Cairo

Cairo

Cairo is the capital of the Arab Republic of Egypt. The city is divided into two areas: to the east the oldest part, to the west a whole new city made of modern buildings.

The main things to see besides the Giza area are: the Islamic Quarter, the Muhammad Ali Mosque and the Egyptian Museum.

Islamic Cairo is the ancient medieval city center, and its roots can be traced back to the sixth century, when Egypt was conquered by the Arabs. 

Its ancient streets are dotted with historic buildings and monuments of great interest, and large mosques alternate with beautiful marble fountains, testifying to the great cultural importance of the city.

The Mosque of Muhammad Ali was built where the ancient royal palace of the Mamluks once stood, and work on its construction began in 1830 until 1848.

Due to the precariousness and incompetence that characterized its rise, already in 1899 it began to show the first signs of structural failure, so that a consolidation work was necessary only partially.

The Egyptian Museum in Cairo is the largest museum in the world related to the ancient Egyptian civilization, boasting the most impressive collection of archaeological finds.

There are about 136,000 works on display inside and hundreds of thousands of other finds are kept inside its huge warehouses. The structure intended to house the collection of the Egyptian Museum was built in 1835, and the collections of Auguste Mariette were exhibited there.
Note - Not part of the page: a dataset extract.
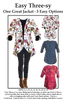 Easy Three-sy is a loose fitting jacket featuring an all-in-one Front & Sleeve, a jewel neckline that turns back to create a shawl collar, elbow length sleeves with easy overlapping tulip cuffs, and 3 Easy Back options. You choose between a full back, a pieced back, or lower back seam opening, with a fabric overlay!
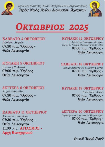 Πρόγραμμα ακολουθιών Οκτωβρίου 2025 ενορίας Αγ. Διονυσίου Αχαρνών

The structure, however, proved too small to contain the ever-increasing amount of finds that flowed into it, and a flood caused by the overflow of the Nile in 1878 led to the move inside the Palace of Isma’il Pasha.  However, this arrangement was only temporary, since even this palace did not prove to be sufficiently capacious to fulfill the task entrusted to it. The inauguration of the new headquarters of the Egyptian Museum took place in 1902. 

During the riots of 2011 the museum was looted by the population in revolt, and during the tragic events that followed, many collections were temporarily dispersed; most of them were however found and returned to the museum, thanks to the work of the Egyptian authorities and international organizations.